AWS Open Source Blog

The versatility of gRPC, an open source high-performance RPC framework

During the birth of the computer age, the first computers were the size of a room and all computations had to be run on the same computer. Once the first network was switched on, creating protocols for those computers to communicate became necessary. A protocol is defined as the set of rules governing the exchange or transmission of data between devices. With the evolution of technology, more protocols have been created that enable multiple computers to communicate in various formats.
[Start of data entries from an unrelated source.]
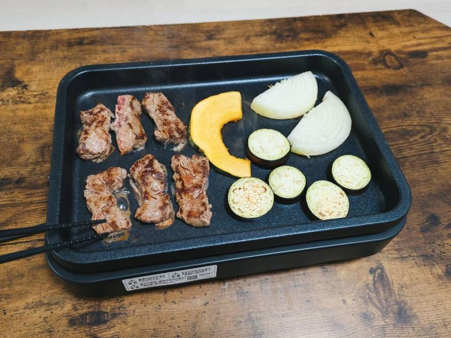 スイッチはオンオフのみです。約3分で適温になったら焼肉スタート! ただ、つくる料理によっては、もっと早く焼きはじめてもいいかもしれません。フレンチトーストをつくったときは、約2分の予熱で十分でした。慣れが必要かも。
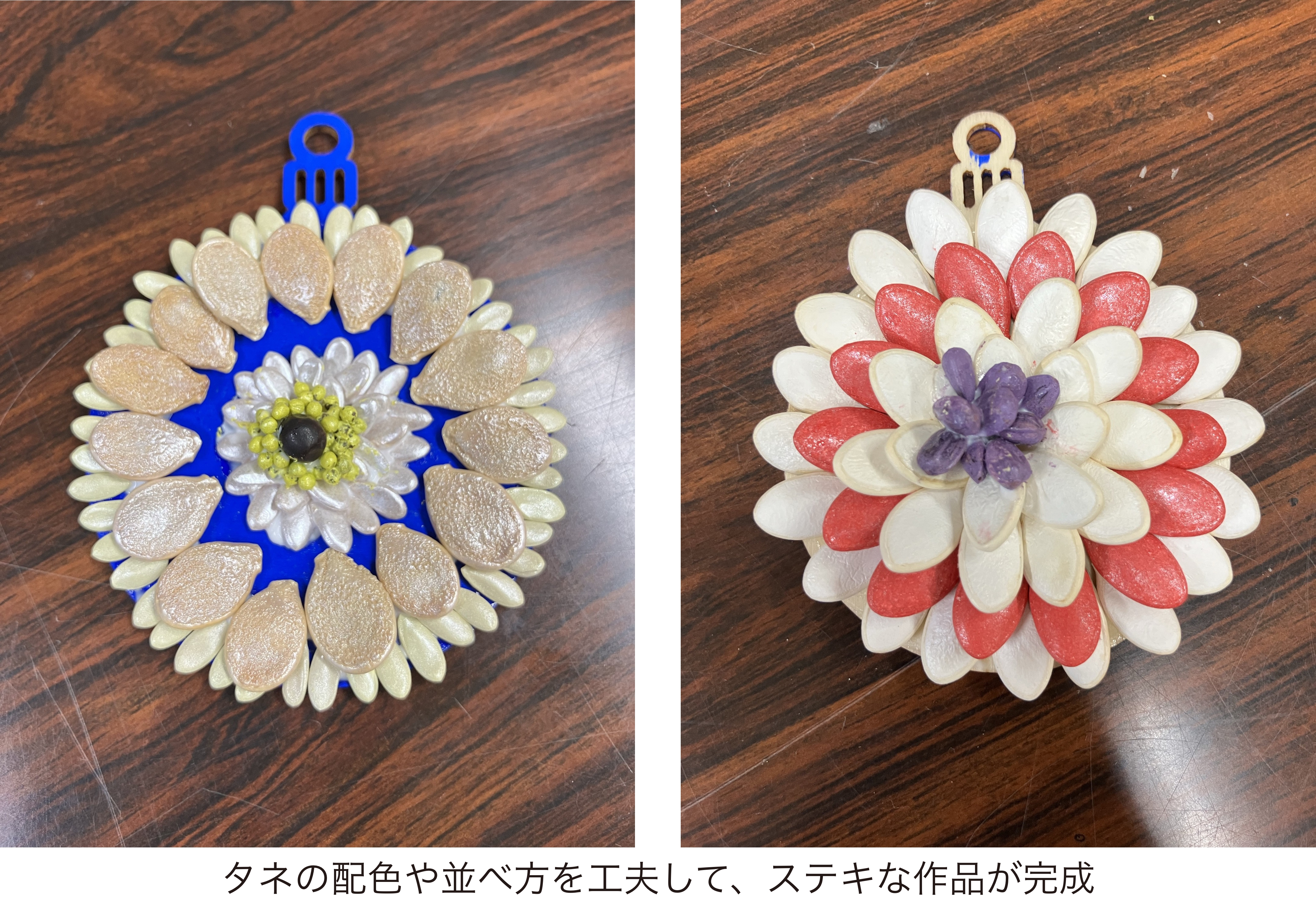 カボチャ、ヒマワリ、カンナのタネを使った花モチーフを制作する、
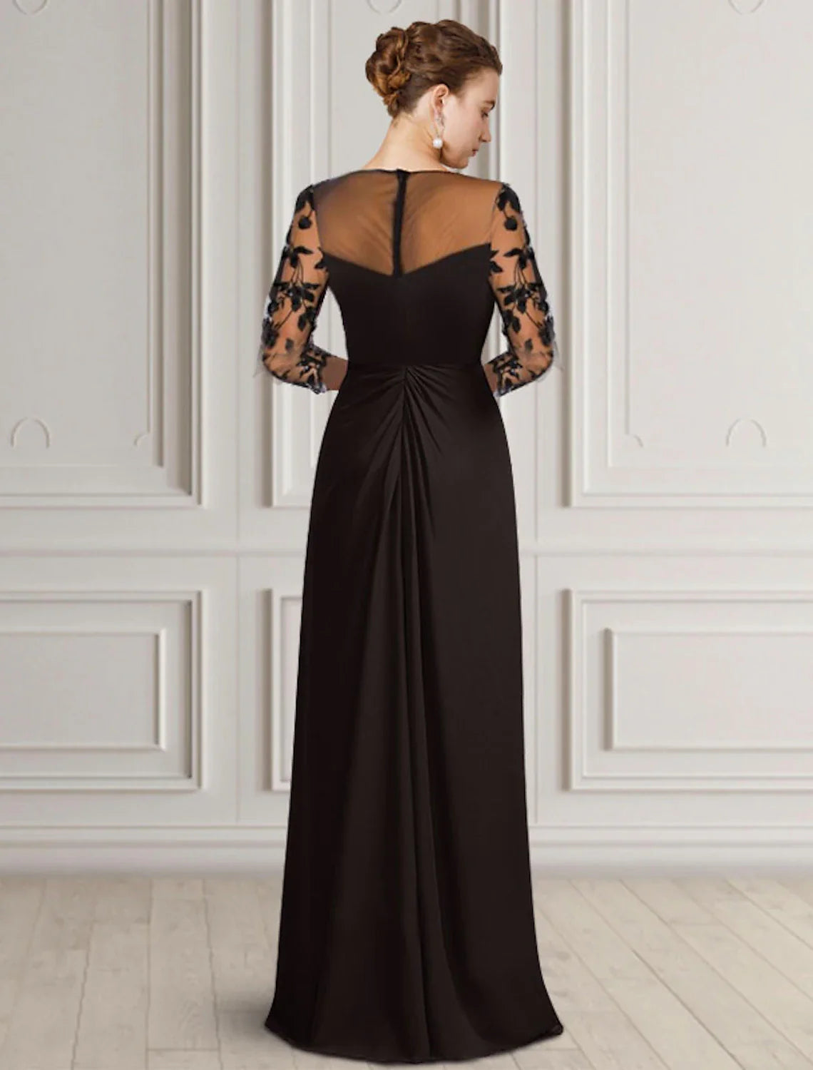 Sheath / Column Mother of the Bride Dress Fall Wedding Guest Dresses Elegant Jewel Neck Floor Length Chiffon Lace 3/4 Length Sleeve with Appliques
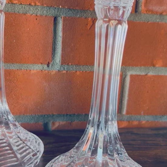 A beautifully delicate pair of vintage pressed glass candlesticks, fluted and faceted to catch the light just so. Their gently tapering stems and patterned bases add a touch of quiet elegance to any corner — from a laid table to a softly styled shelf.
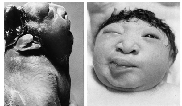 Anencephaly: failure of the cephalic part of the neural tube (anterior neuropore) to close. As a result the skull does not close leaving the malformed brain exposed. This condition is incompatible with life.
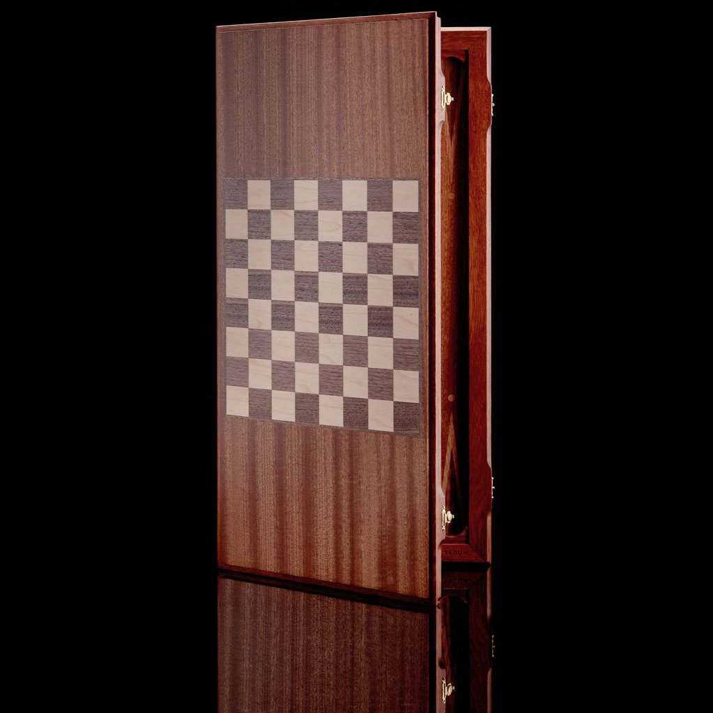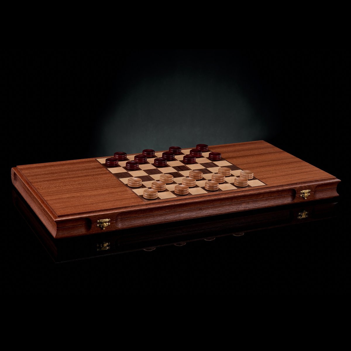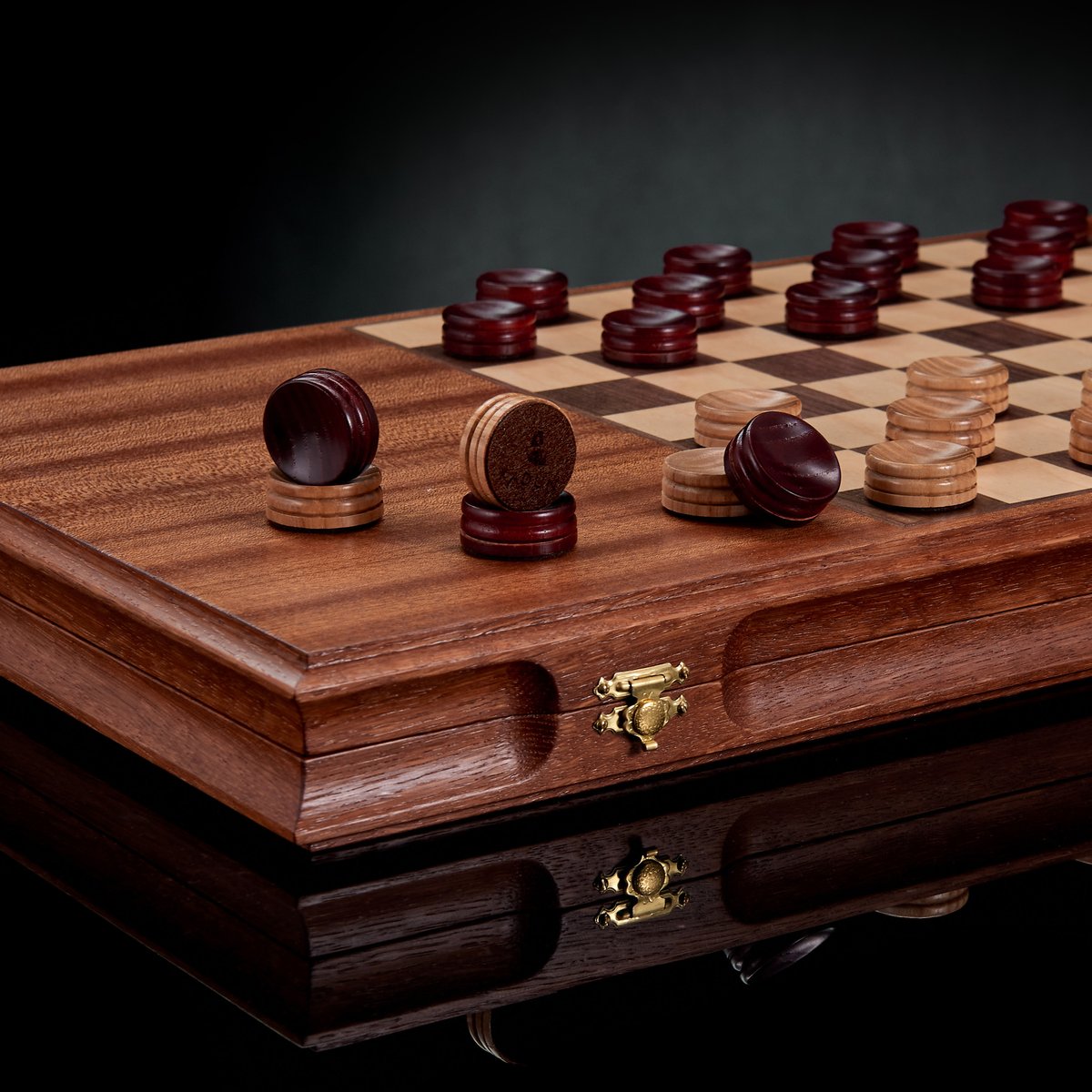 Checkers:the light ones are beech, the dark ones are tinted beech, glued with fabric. Diameter 30 mm, 30 pcs.
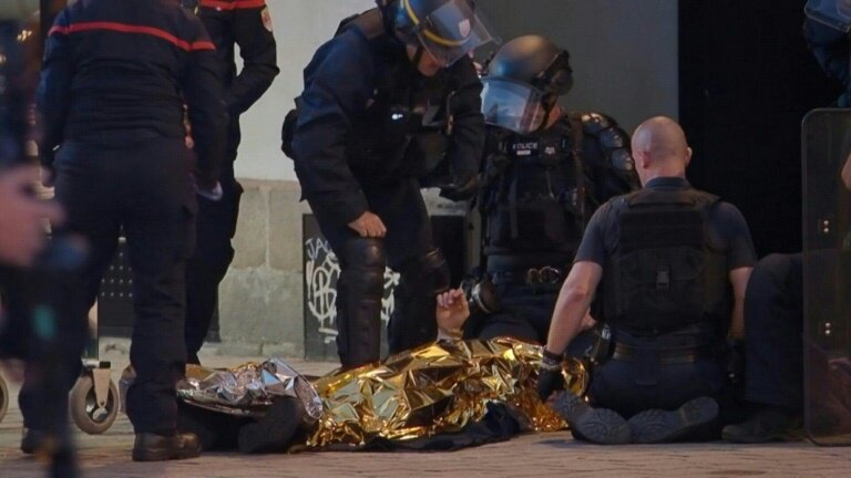 Un policier a été blessé et évacué conscient par les pompiers après l'explosion d'un cocktail Molotov près de lui, selon l'AFP. La préfecture a précisé que le fonctionnaire souffrait de "brûlures" et que trois personnes ont été interpellées.
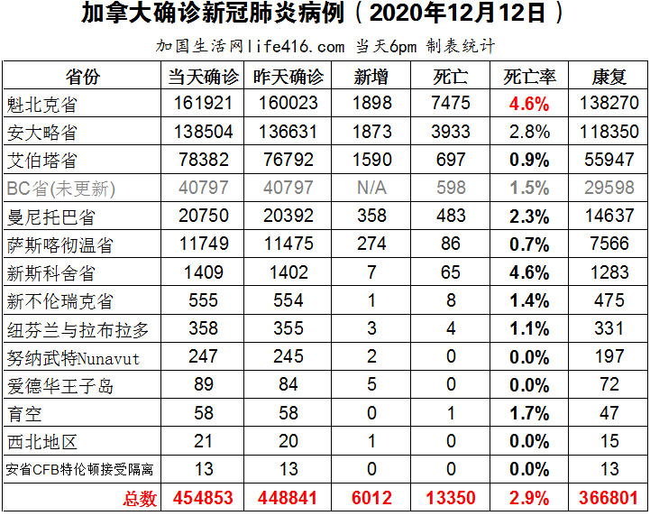 【加国生活网编译报道】截至12月12日下午6点,加拿大新冠确诊病例总数为454853(新增6012),死亡13350(新增99)。魁省确诊总数161921(新增1898);安省确诊总数138504(新增1873);艾省确诊总数78382(新增1590);BC省逢周末不更新;曼省确诊总数20750(新增358);萨省确诊总数11749(新增274)。专家警告称有了疫苗并不意味生活将很快恢复正常,卫生限制措施还不能停止;加拿大卫生部警告对疫苗过敏的人都不应接种辉瑞疫苗;安省再创测试量新高65,300。加国生活网专门制作了如下统计数据表:
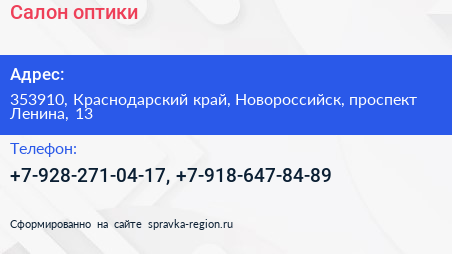 Салон оптики по адресу 353910, Краснодарский край, Новороссийск, проспект Ленина, 13 в дальнейшем Организация, размещена в следующих категориях:
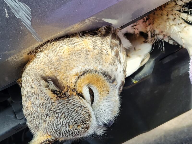Colorado Parks and Wildlife shared photos of the animal on social media, and said rescuers were called to a report of an owl stuck in a truck grille. Rescuers found the great horned owl both stuck and alive.

The HTTP protocol was ratified by the IETF in 1996 and rapidly became the standard to use for internet-enabled applications. HTTP is built upon the TCP protocol (except for HTTP/3 currently in development) by providing a standard that can be used for most web servers available today, whether packaged or custom-built. HTTP has been revised over the years to add features such as compression, caching, and authentication.

gRPC is an emerging open source protocol and a successor to HTTP designed to focus around the contract between applications and to let other protocols handle traffic routing. gRPC improves upon its underlying protocols by:

  • Using HTTP/2, enabling more features such as compression and stream prioritization.
  • Using protobuf IDL, which (versus JSON) is binary-encoded and thus takes advantage of HTTP/2 binary framing.
  • Supporting bi-directional streaming (separate streams for client-initiated and server-initiated traffic).
  • Spanning or multiplexing connections as necessary—many gRPC packets can binpack into an HTTP/2 packet, or a single gRPC packet can span multiple HTTP/2 packets.

Implementing TCP vs. HTTP vs. gRPC

Networking professionals often refer to various protocols by their layer on the Open Systems Interconnect Model (OSI Model). This conceptual model is often represented as a pyramid, with each layer stacking on top of the previous layers. Each layer is able to relegate some responsibility to the lower layers and focus on its own advantages.

Pyramid describing the layering of the Open Systems Interconnect Model.

Consider that if each layer builds on the previous layers, we can also assume that the code required for our application decreases as we adopt higher-layer protocols into our application.

TCP application

Suppose we want to connect to another TCP back end. In most programming languages (Golang and port 50051 were arbitrarily selected for these examples), this process is trivial:

conn, err := net.Dial("tcp", "mybackend.com:50051")

We can also send data to the back end and listen for a response:

name := "world"
fmt.Fprintf(conn, "%s\n", name)
response, err := bufio.NewReader(conn).ReadString('\n')
fmt.Printf("Received from backend: %s\n", response)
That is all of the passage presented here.